Keywords: Simple Siamese (SimSiam), self-supervised learning, emotion classification, sentiment classification, depression detection
TL;DR: The importance of combining local and global embeddings, extracted using self-supervised learning models, for speech-based downstream tasks
Abstract: Self supervised learning involves learning general-purpose representations that can be useful in a variety of downstream tasks. In this work, we study the application of speech-embeddings derived from popular self-supervised learning frameworks such as wav2vec-2.0 and HuBERT over four different speech-classification tasks such as sentiment classification, command detection, emotion classification and depression detection.
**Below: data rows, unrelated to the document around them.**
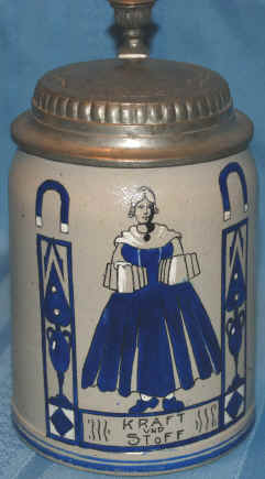 The verse refers to both the young lady and the beer she's delivering on this Jugendstil (youth style = modern art) stein, ca. early 1900's. | |
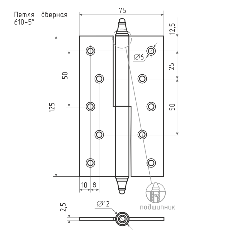 Разъемная петля для деревянных межкомнатных дверей. Левая/правая - для дверей левого или правого открывания. Материал - нержавеющая сталь 2,5 мм, декоративный колпачок. Высота 125 мм. В комплекте саморезы для установки. Гарантия 5 лет.
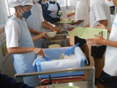 三重県産の食べ物は、米、牛乳、豆腐、豚肉、みそ、油あげ、しいたけ、小松菜、青ネギの9種類で、「豆腐の肉みそがけ」は、三重県産の大豆で作られた豆腐にかけていただきます。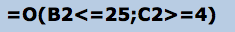 Función O Devuelve VERDADERO si se verifica una sola de las condiciones planteadas en su argumento. Si no se verifica ninguna condición, devuelve FALSO. |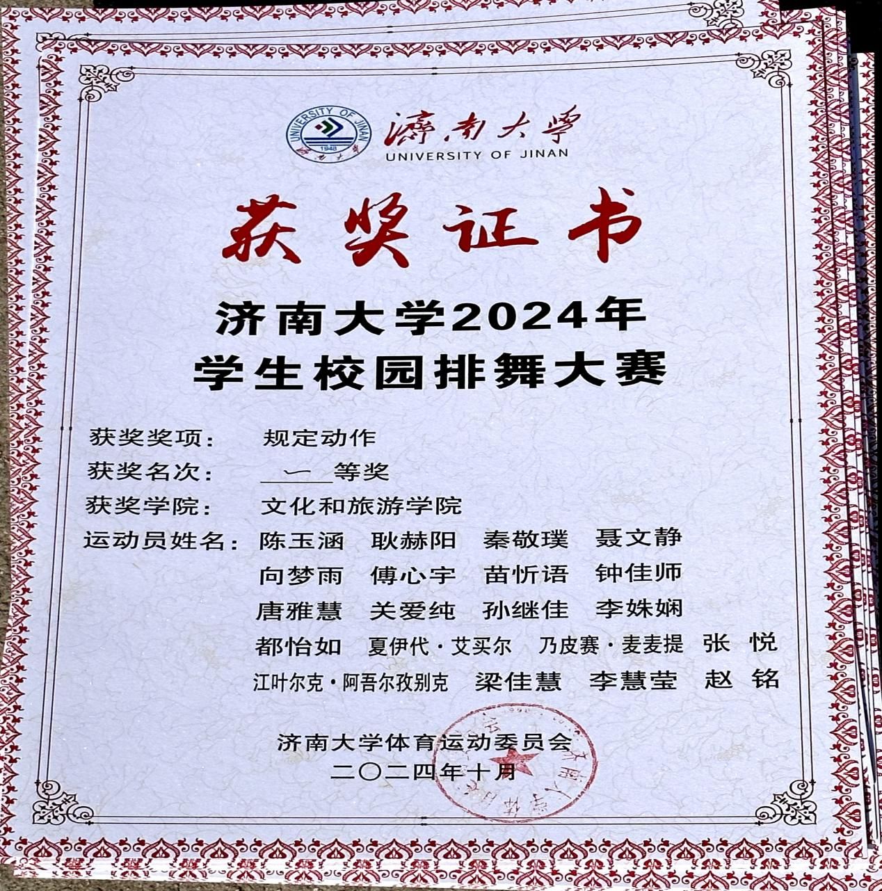 排舞队凭借出色表现,取得规定动作一等奖和自选动作二等奖的好成绩。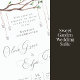 Estas hermosas tarjetas de menú Sweet Garden son la adición perfecta para cualquier elegante boda al aire libre, o cualquier tema boda. Ramas de árboles con banderas blancas y elegantes adornan el menú.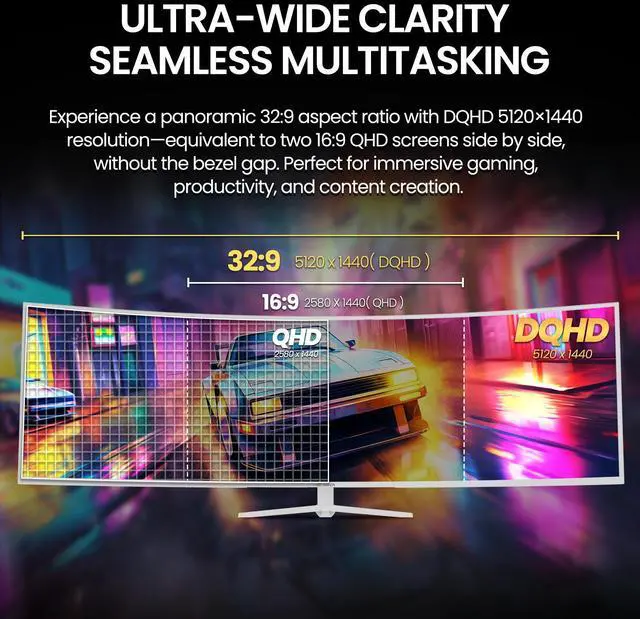 Experience truly immersive visuals with the CRUA 49-inch curved monitor, featuring an ultra-wide 32:9 aspect ratio and stunning DQHD 5120×1440 resolutionequivalent to two 27-inch QHD screens seamlessly combined, without bezel gaps. The 1500R curvature wraps your field of view, creating a more natural, comfortable viewing experience whether youre deep in a project, watching movies, or locked into an intense gaming session.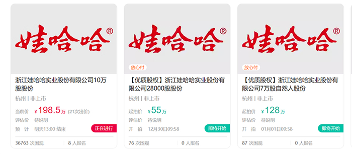 记者注意到,目前已有两宗娃哈哈实业的股权在阿里资产挂牌,其中有2.8万股股份计划于12月30日上午开拍,起拍价55万元;另一宗7万股股份将于1月1日上午开拍,起拍价为128万元。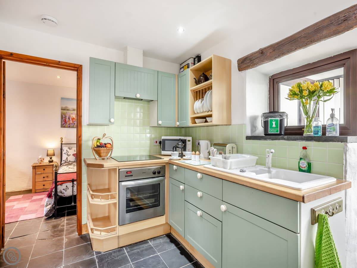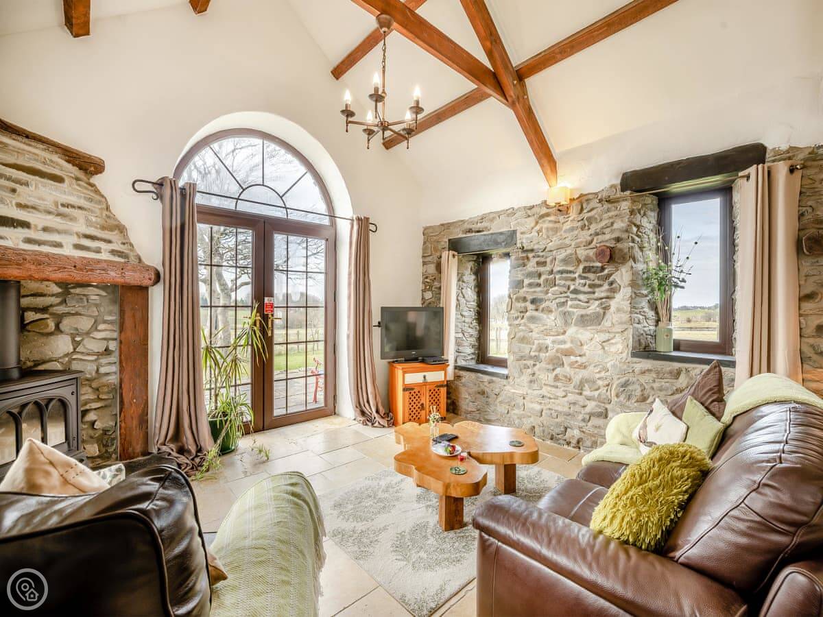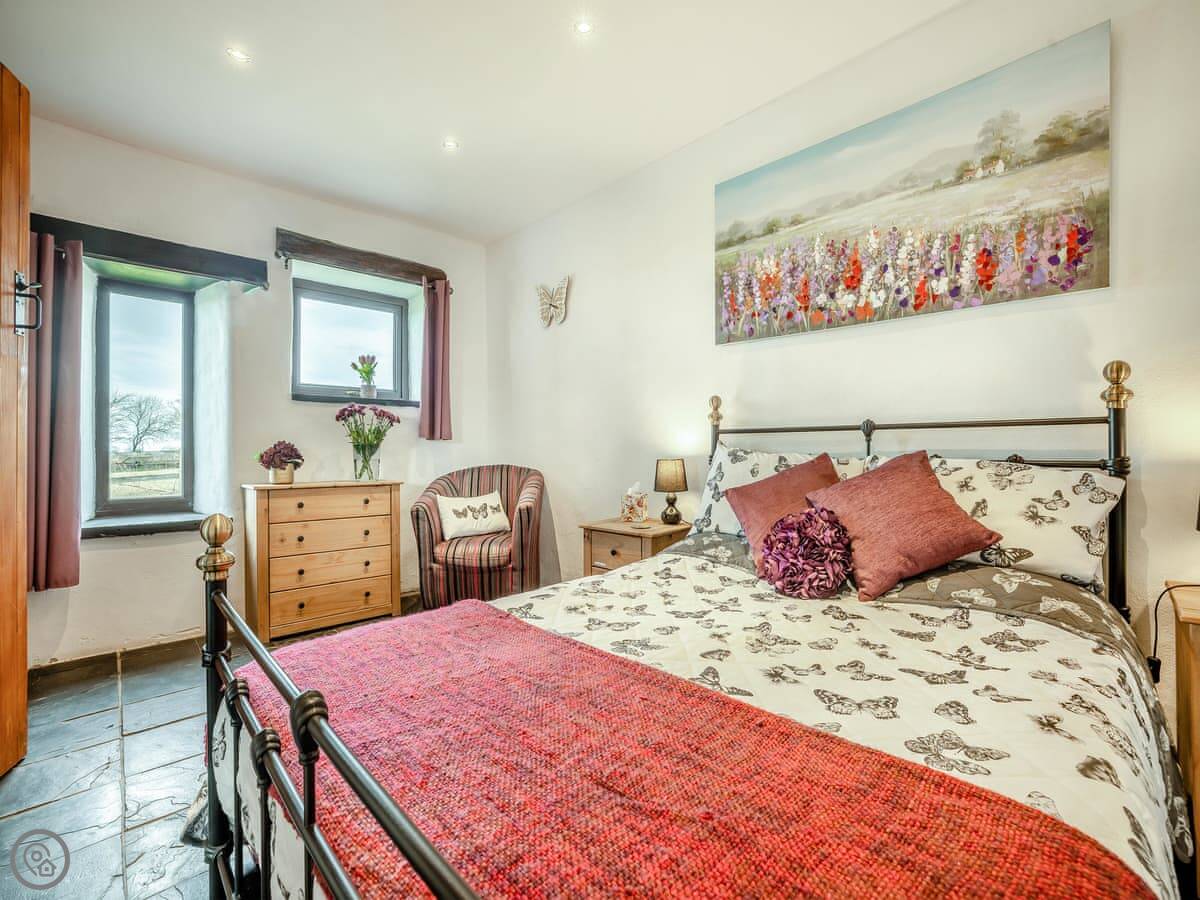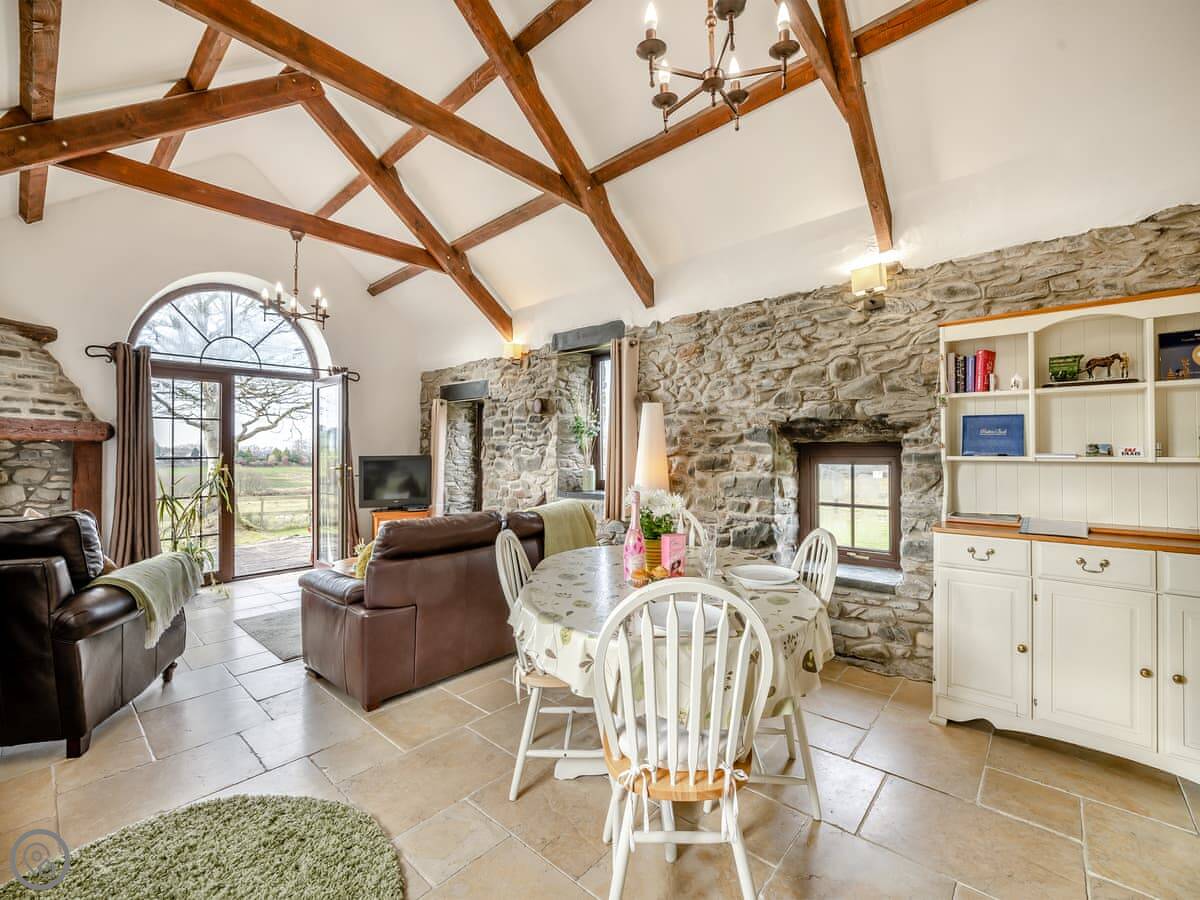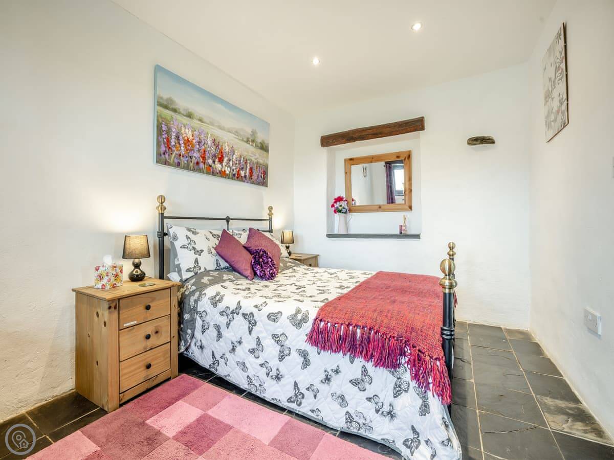 It's got one bedroom and one bathroom, both on the ground floor. The rating is 4 Star. It's comfortable and well looked after. The walls are thick stone and there are plenty of old beams, which means some of the doorways are low. You'll need to mind your head.

We distinguish between and discuss self-supervised training tasks that induce localized and global features of speech based on their temporal granularity: noting that self-supervised representation learning frameworks based on the masked language-modeling objective -- such as wav2vec-2.0 and HuBERT -- induce localized embeddings, we define a self-supervised learning framework based on SimSiam for learning global features of speech. Through our evaluations, we find that these global representations are better suited for tasks such as depression detection and emotion classification while the localized embeddings of speech can be very useful in tasks such as speech-command detection; we also find that our proposed model outperforms TRILL -- a popular model for learning global representations. Finally, we also propose and confirm empirically that combining the global and localized representations of speech helps obtain better performance across a range of downstream tasks than each of the individual embedding methods.